Anthony, my tip:  memorize all thats posted above (well, you don't have to memorize Princesses shpeel, but those thing do happen so take them in). You'll do just fine. Relaxing is the key and that will take a while to do.


----------



## MedicPrincess (Oct 12, 2005)

> _Originally posted by Wingnut_@Oct 12 2005, 04:13 AM
> * (well, you don't have to memorize Princesses shpeel, but those thing do happen so take them in). *


 HEY!!!!  Now your talking about me like I am Jon     



Seriously Anthony...If you can remember what FFEMT said, you will go very far.  It doesn't matter if it is the 3 a.m. toe pain for 6 weeks but tonights its worse call or the any time Cardiac Arrest, remember YOU are the one with the training.  Your there to help.  Its their (the patients or families) Emergency, there is no need for you to spaz out with them.  

Trust me, once you get all hyper on scene, your ability to function adequately will diminish in accordance with how excited you are.

Also keep in mind, when the crappola really starts to fly and you suddenly forget everything you are supposed to know....take a step back, take a deep breath, reach way back deep in your memory and remember the basics.  Just like Kindergarden, EMS all begins with the ABC's.  Without that basic fundamental, you have nothing.

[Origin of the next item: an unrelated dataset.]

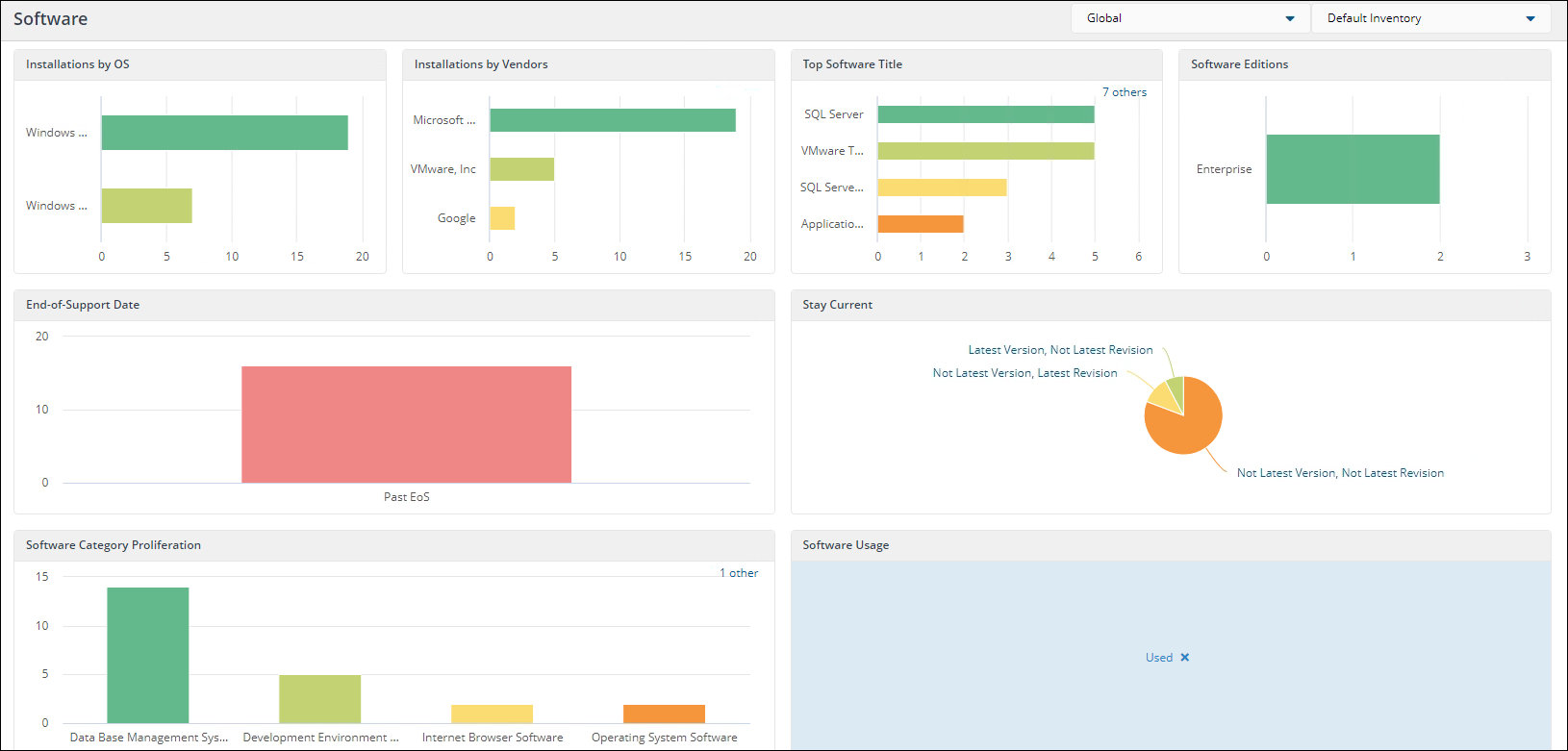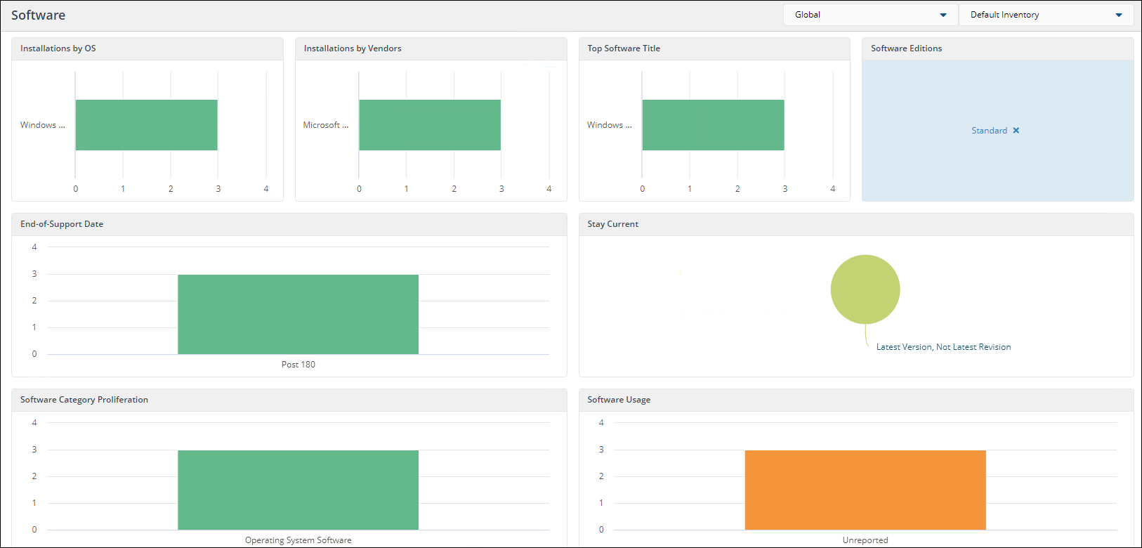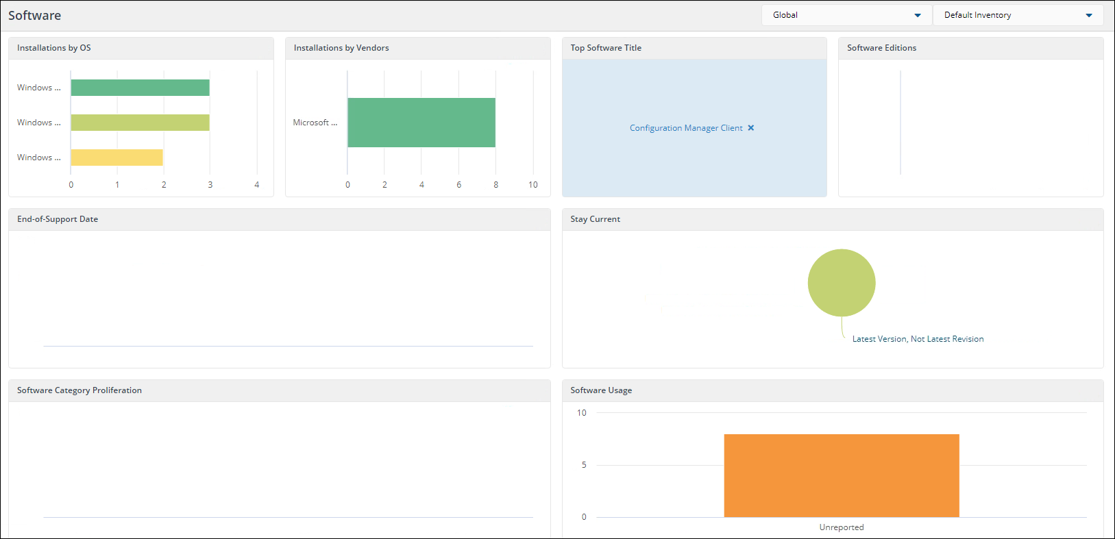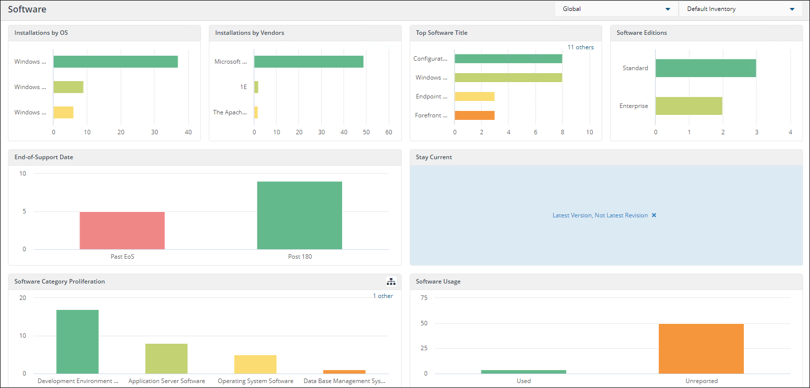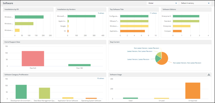 Software Inventory shows data captured from sources such as Configuration Manager, Big Fix and vCenter if you have them configured. The dashboard is refreshed (recalculated) when the page is opened or the page is refreshed in the browser.

Good luck.  You'll do great.


----------



## Chimpie (Oct 12, 2005)

As Princess said, always remember your ABC's.  

And check out the signatures here.  While funny, the usually provide good advice.

"If it's wet and sticky and not yours, leave it alone."  (Remember BSI)

"Air goes in and out, blood goes round and round.  Any variation of this is a bad thing." (Again, ABC).  

And remember this, as morbid as it sounds.  If you do something that kills the patient, you know what to do... CPR.    

Chimp


----------



## ndilley (Oct 12, 2005)

I'm also a new emt for a county service these tips are great guys thanks...


----------



## Jon (Oct 12, 2005)

these are all great tips, here are a few more:

1. Utilize your MDT.

2. Buy a "good" stethascope

3. Always bring your own "good" stethascope with you

4. Always have a spare stethascope for when you lose your "good one"

5. Remember the Boy Scout motto.... "Be Prepared." That overdose could be a code. That "sick person, BLS" can easily be a code, and the "Injured person, BLS" can be suffering from high-velocity lead poisioning.

6. I must reinforce this.... always ask if you don't know, and say if you aren't sure.


Welcome, all, and hope to hear from you more

`Jon


----------



## TTLWHKR (Oct 12, 2005)

1. Welcome

2. Don't feed Jon

3. Don't spend more than 30 bucks on any stethoscope, they are only as good as the person using it

4. Vicks VapoRub.. Get some, make sure it isn't the odorless and greaseless kind.. You'll need this for the smelly calls.

5. If it's cut wide open, muscle, etc. is hanging out, and it's not bleeding... Check for a pulse.

6. If they are dead, and look like they should stay that way, don't try to change that.. They'll end up a vegetable for the next 50 years, and outlive their entire family - who will be broke and heart broken.

7. When in doubt, lay em out.. If you think they should be boarded... Put em on a board. Never hurts to be prepared.

8. Never buy anything from Galls

9. If someone has a disease that you know of, and someone else can get.. Put a bright colorful bandaid on their left index finger. Universal "Put some damn gloves on" sign.

10. Don't become a whacker or a Paragod.


----------



## BloodNGlory02 (Oct 12, 2005)

Go see a drum corps show this summer. you're lucky to live in the home of the Santa Clara Vanguard. A very highly respected corps. Check it out.

(sorry shameless 'hobby plug' since you're from the home of my fave corps)


----------



## Margaritaville (Oct 12, 2005)

Be honest, honest and more honest about what you do and don't know.

I have gone over more than one ambulance with a new provider who says "oh i already know that." When I need them to do whatever it is and they look at me and say "huh", I really want to choke them out!!!!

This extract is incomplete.